Thursday, July 11, 2013

Running Away


One foot in front of the other is all it takes to take the power away from the problems in life.

A year ago I took my very first steps in my very first road race. I was scared out of my wits!



Lets rewind to October of 2003. I was working in a retail job while finishing up grad school.  Imagine me on top of a ladder and then suddenly not!!  That unplanned leap lead to 2 knee surgeries and multiple years of rehab. The pounds packed on and I turned very quickly to sloth like ways.


Fast forward to October for 2011, two kids later, heavier then ever, I was diagnosed with two herniated discs after a trip to the ER. I was given two options: lose weight or have surgery.  At that point in my life I had already had four surgeries too many and really wanted to stay away from having any more.

In my opting to lose weight, I some how got it in my head that running would be a good way to do this. Mind you, I am not graceful and am made up of equal parts clumsy and non-coordination. What made me think that running was going to be a good idea?!

I started slowly, working through a beginning runners program. Worked on my intervals and more importantly bought all the cool running gear!  Why run, if not for all the snazzy stuff that goes with it.

I am by no means a natural runner!!  Every step is a battle with my subconscious self, the one that stands behind me in the mirror yelling obscenities, the voice the knows me better than I know myself.  As I pound the pavement ( and yes I pound.... Because I am still a big girl) the voice gets quieter.  I can put miles between myself and the negative Nellie that sits on my shoulder.  A morning that starts out poorly can have its course shifted dramatically only lacing up the running soles.
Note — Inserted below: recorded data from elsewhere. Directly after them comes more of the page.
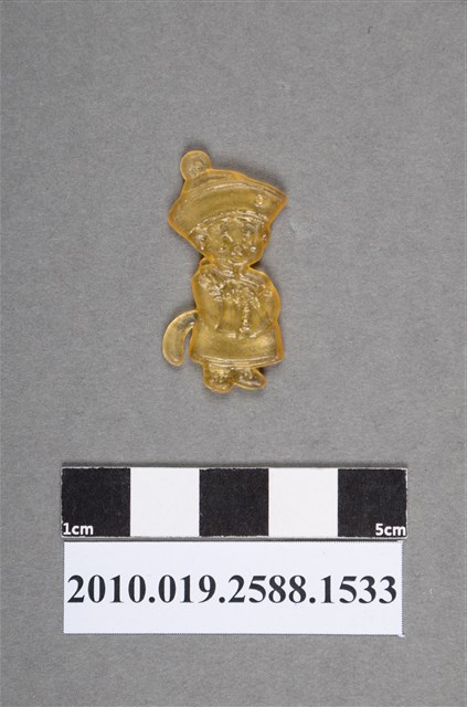 1.本物件為漫畫七龍珠之孫悟飯尪仔仙。硬質塑膠材質,扁平,單一黃色,雙面浮雕圖案,兩面圖案相同。圖案為孩童時期的悟飯,身穿中國風的袍子,頭戴帽子,雙手交握放在腹前,有尾巴。
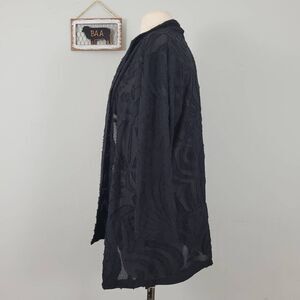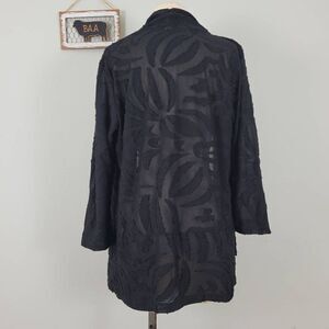 Lulu B Black Open Front Cardigan Sz M Semi Sheer Textured Designs Neutral
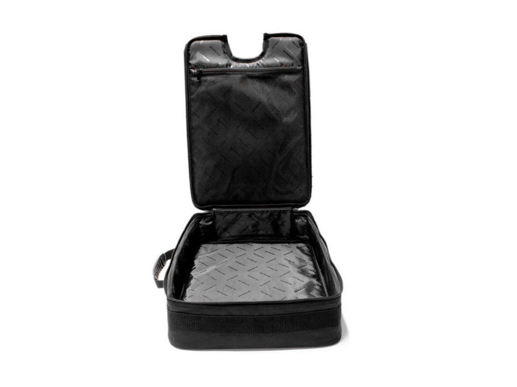Taška obsahuje vnitřní kapsu na zip pro dokumenty nebo ploché náhradní díly a gumový držák na štítek na vnější straně pro snadnou identifikaci.

I had never before bought into all that running nonsense. "You can run away from your fears and your problems". "A good day is any day that starts with a run."  Really???   I had always thought that you would only catch me running if I was running away from something scary or towards something yummy!!

But....today, I took a different type of step.. I counted my pennies, and I pushed the button.  I officially registered for the Long Island Divas Half Marathon in October.

Yes... You read that right.. A half marathon. To this point my longest distance has been 3.5 miles.  I will need to be able to run 10 more miles on top of that!!!